According to a December 2016 California Workers’ Compensation Institute report on CT in California workers compensation system, “[s]ome states prohibit CT claims altogether; others impose a higher causation standard or require a higher standard of proof that the cumulative injury occurred at work” than California does. California requires a claimant to show the workplace injury to have contributed only 1 percent to the resulting disability and to show only that it was more likely than not the injury occurred at work.

Moreover, the report’s lead author Stacy Jones told me, the time to submit a CT claim in California may not begin running until a physician tells a claimant for the first time that cumulative injuries are “related to what [the worker] has been doing for the past 15 years.” “Many professional athletes,” said Amitrano, “are advised to elect California as the preferred state to seek compensation benefits. . . . [T]he statute of limitations is liberal, potentially allowing players to file years after retirement if they had no knowledge of their injury or their right to benefits.”

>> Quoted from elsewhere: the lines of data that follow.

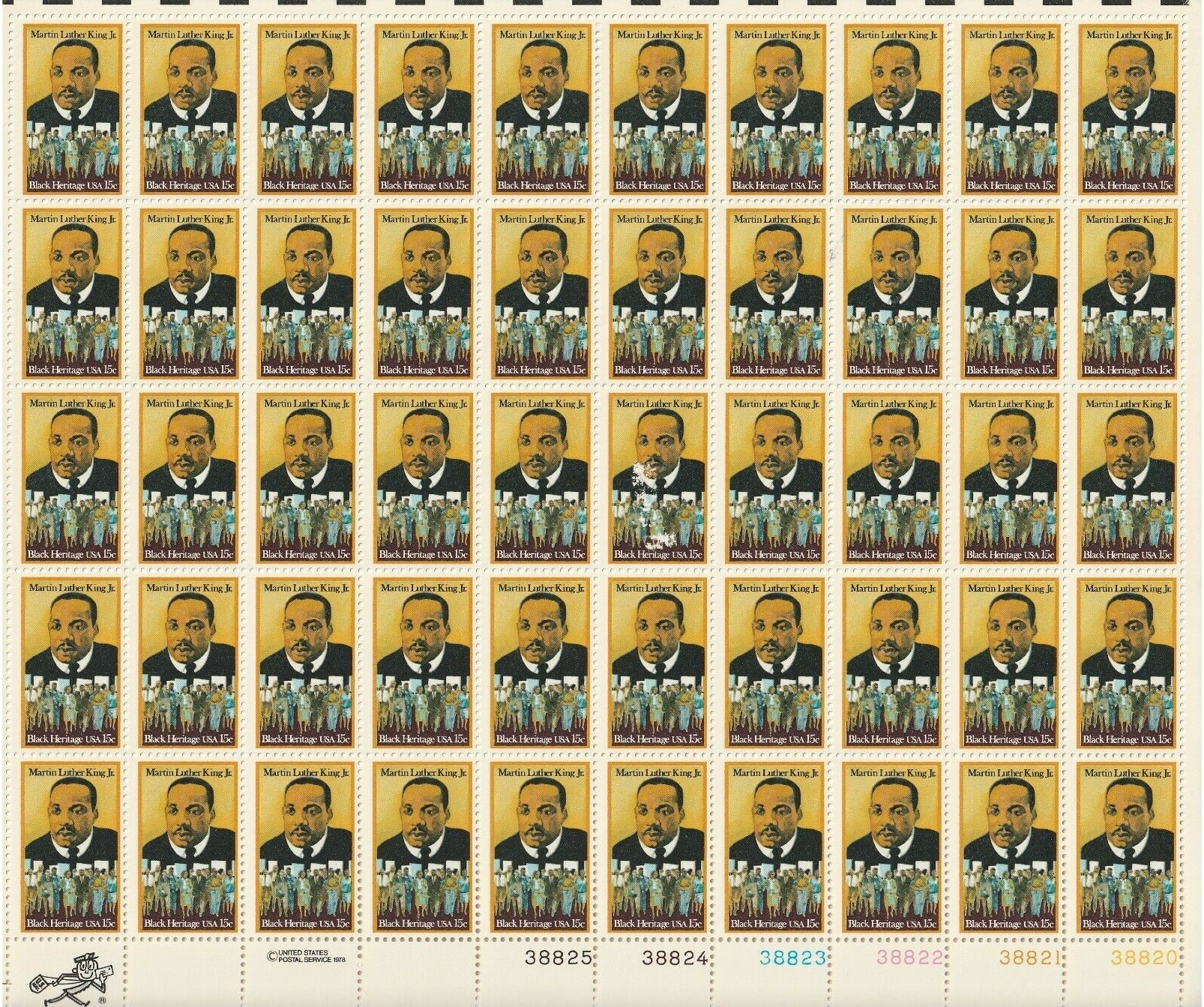 Martin Luther King Jr Black Heritage Sheet of Fifty 15 Cent Stamps Scott 1771
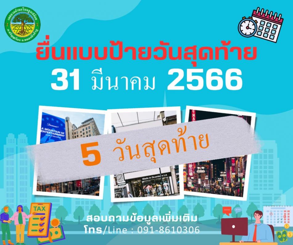 ประชาสัมพันธ์ ยื่นแบบป้าย 31 มีนาคม 2566 กำหนด 5 วันสุดท้าย [29 มีนาคม 2566]
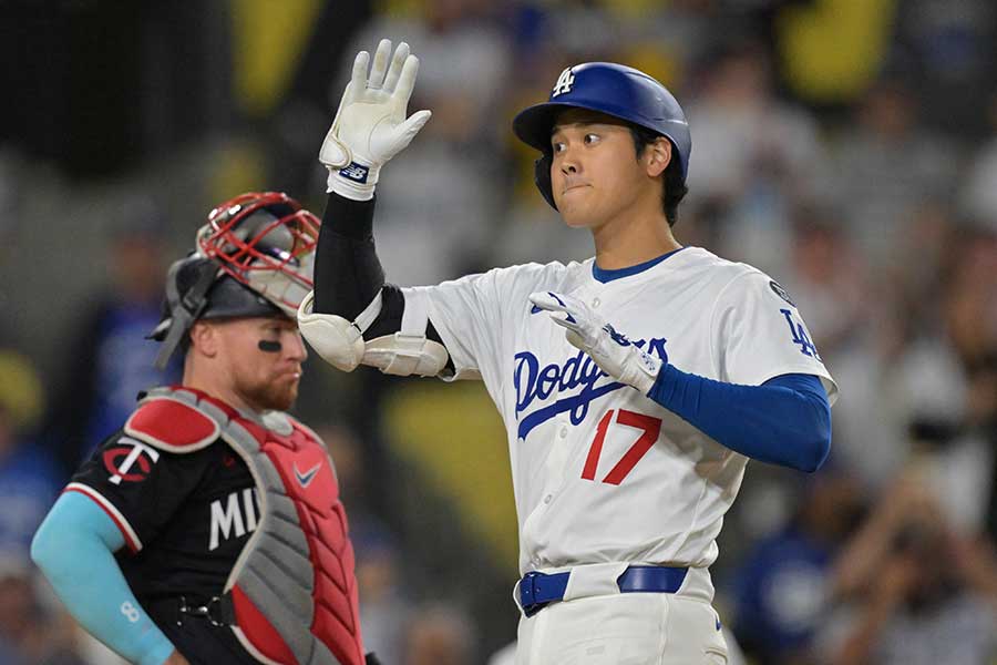米大リーグ・ドジャースの大谷翔平投手は22日(日本時間23日)、本拠地ツインズ戦に「2番・DH」で先発出場。5点ビハインドの9回に自身初の4試合連発となる36号2ランを放った。今季被本塁打0の相手守護神からの一発に、敵地中継局の解説も脱帽。次打者の紹介中にも大谷の絶賛を続ける興奮っぷりだった。

That explains why so many professional leagues and teams wanted the Tripplett opinion published. Amitrano wrote that these leagues “are continually confronted with cumulative trauma claims of injury being filed in California for their prior employees when those employees (like Tripplett) were hired outside of California for an out-of-state employer and the work was predominately performed outside of the state.” Each claim by a professional athlete can run hundreds of thousands of dollars.

That also explains why professional major and minor baseball, basketball, football, ice hockey, and soccer leagues and teams successfully lobbied five years ago for a law generally barring pro athletes in those sports who spend fewer than two years, or less than 20 percent of their career, playing for a California team from claiming California workers compensation. The new law applied only to claims submitted after September 14, 2013 so it did not apply to Tripplett, who first sought benefits in 2009.

A legislative analyst said the 2013 measure was partly aimed at relieving Californians of avoidable increases in workers compensation rates attributable to claims filed against out-of-state teams by athletes who may “have already received workers compensation benefits from other states, as well as employment benefits covering the same losses they are seeking compensation for in California.”

According to Jones, the upshot is a decline in sports-related CT claims even with observable growth in such claims overall.